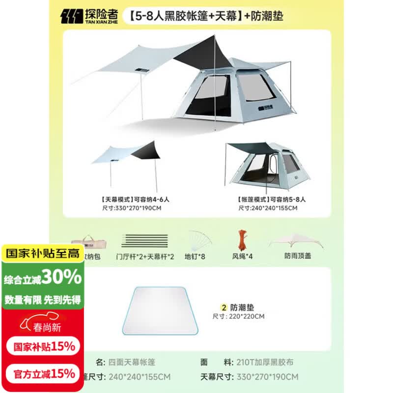 探险者(TAN XIAN ZHE)帐篷户外露营防雨过夜3人-4人速开便捷天幕二合一黑胶防晒帐篷 【5-8人黑胶帐篷+天幕】+防潮垫
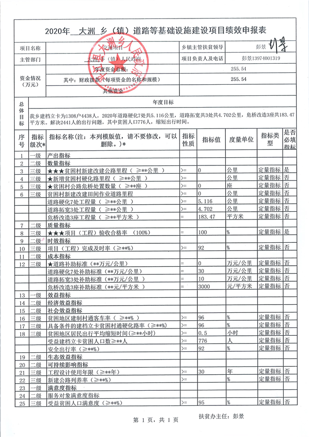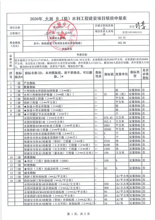 大洲乡2020年统筹整合涉农资金项目库预算绩效申报(调整)
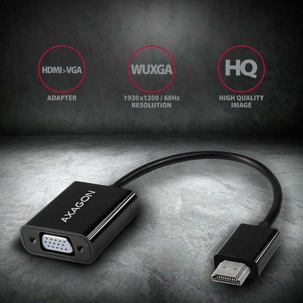 HDMI -> VGA aktív AXAGON RVH-VGN adapter VGA monitor / TV / projektor számítógéphez vagy egyéb HDMI kimenethez való csatlakoztatáshoz. Használható set-top boxokkal vagy Xbox és Playstation konzolokkal is.
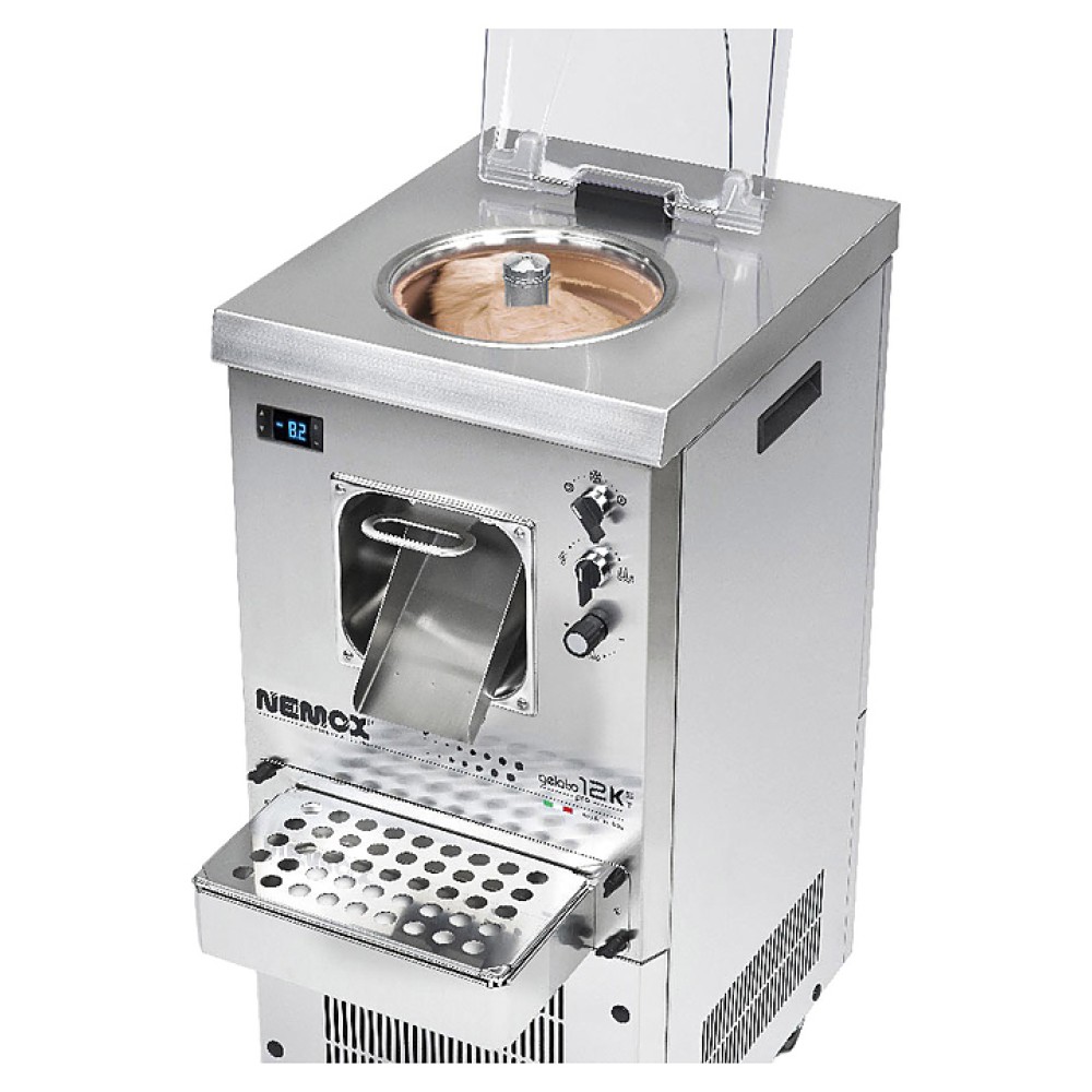 Фризер для мороженого Nemox Gelato 12K ST используется в барах, кафе, на открытых летних площадках, в специальных отделах супермаркетов и торговых центрах для приготовления мороженого кремообразной текстуры. Корпус и лопасти выполнены из нержавеющей стали AISI 304.
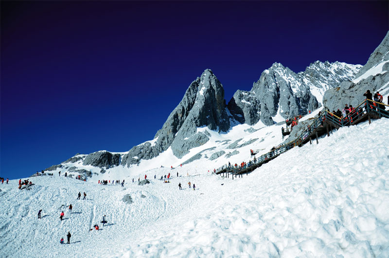人文的掃興,索性來場自然之旅。第二天一大早我們就前往了玉龍雪山,還是被告知到達最高峰的索道票昨日售盡,我們的索道只到得了松杉坪?;貞浧饋?,這也許值得慶幸。松杉坪松樹高聳如云,木棧道旁有積雪未化,風過樹梢的積雪隨風灑落,偶爾有小松鼠一躍而過,牦牛悠閑自在的吃著草,遠處是玉龍雪山的最高峰,仿佛近在咫尺。我想所有的生生死死都應該在這里戛然而止,所有浮躁的靈魂都應該在這里接受洗禮,進入輪回,拋卻紅塵暫享這片刻的永生。她是我去過最接近天堂的地方,
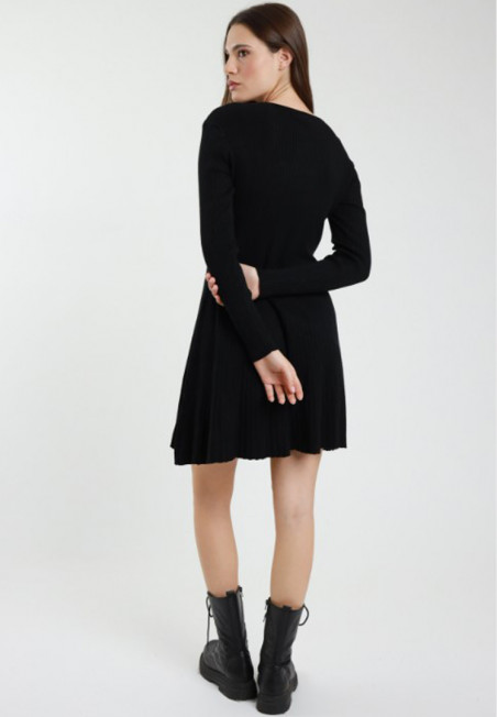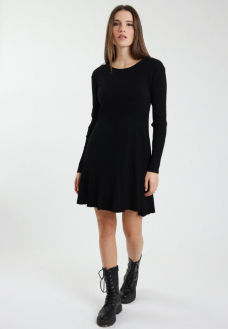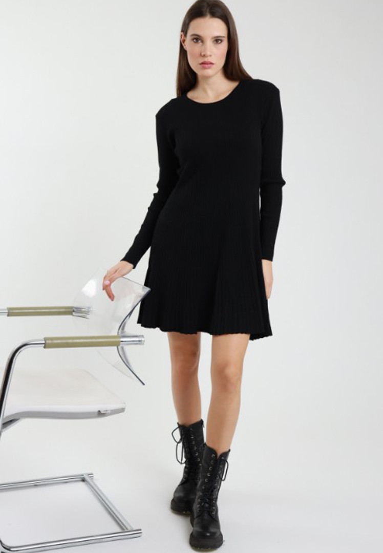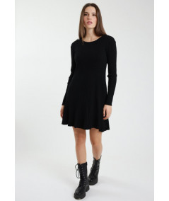 Vestito in maglia a costine dal taglio svasato e scollo tondo.
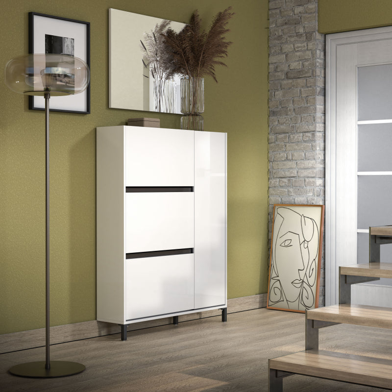 The design includes 3 drop-down doors and 1 plain door, creating a functional solution with 3 internal compartments to keep shoes organized. The glossy white finish, combined with anthracite details, provides an elegant and refined contrast, adding a touch of sophistication to the environment.
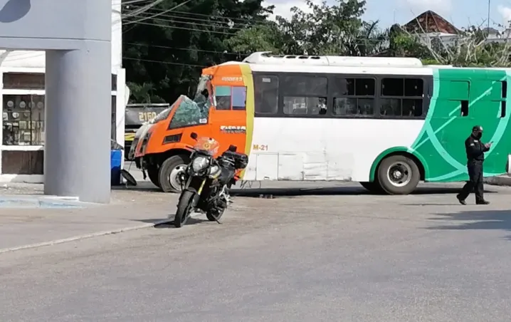 Los hechos ocurrieron cerca del mediodía en el cruce de las calles 23 y 40 del fraccionamiento Los Pinos, donde la unidad M-21 de la ruta Circuito Metropolitano acabó dentro de una farmacia.

# # # #

Task objective: Your task is to copy only the lines above starting at the one containing "HDMI -> VGA" and ending at the one containing "Vestito in maglia". Copy them exactly, both ends included, and omit the pictures.

Answer to this task:
 HDMI -> VGA aktív AXAGON RVH-VGN adapter VGA monitor / TV / projektor számítógéphez vagy egyéb HDMI kimenethez való csatlakoztatáshoz. Használható set-top boxokkal vagy Xbox és Playstation konzolokkal is.
 Фризер для мороженого Nemox Gelato 12K ST используется в барах, кафе, на открытых летних площадках, в специальных отделах супермаркетов и торговых центрах для приготовления мороженого кремообразной текстуры. Корпус и лопасти выполнены из нержавеющей стали AISI 304.
人文的掃興,索性來場自然之旅。第二天一大早我們就前往了玉龍雪山,還是被告知到達最高峰的索道票昨日售盡,我們的索道只到得了松杉坪?;貞浧饋?,這也許值得慶幸。松杉坪松樹高聳如云,木棧道旁有積雪未化,風過樹梢的積雪隨風灑落,偶爾有小松鼠一躍而過,牦牛悠閑自在的吃著草,遠處是玉龍雪山的最高峰,仿佛近在咫尺。我想所有的生生死死都應該在這里戛然而止,所有浮躁的靈魂都應該在這里接受洗禮,進入輪回,拋卻紅塵暫享這片刻的永生。她是我去過最接近天堂的地方,
 Vestito in maglia a costine dal taglio svasato e scollo tondo.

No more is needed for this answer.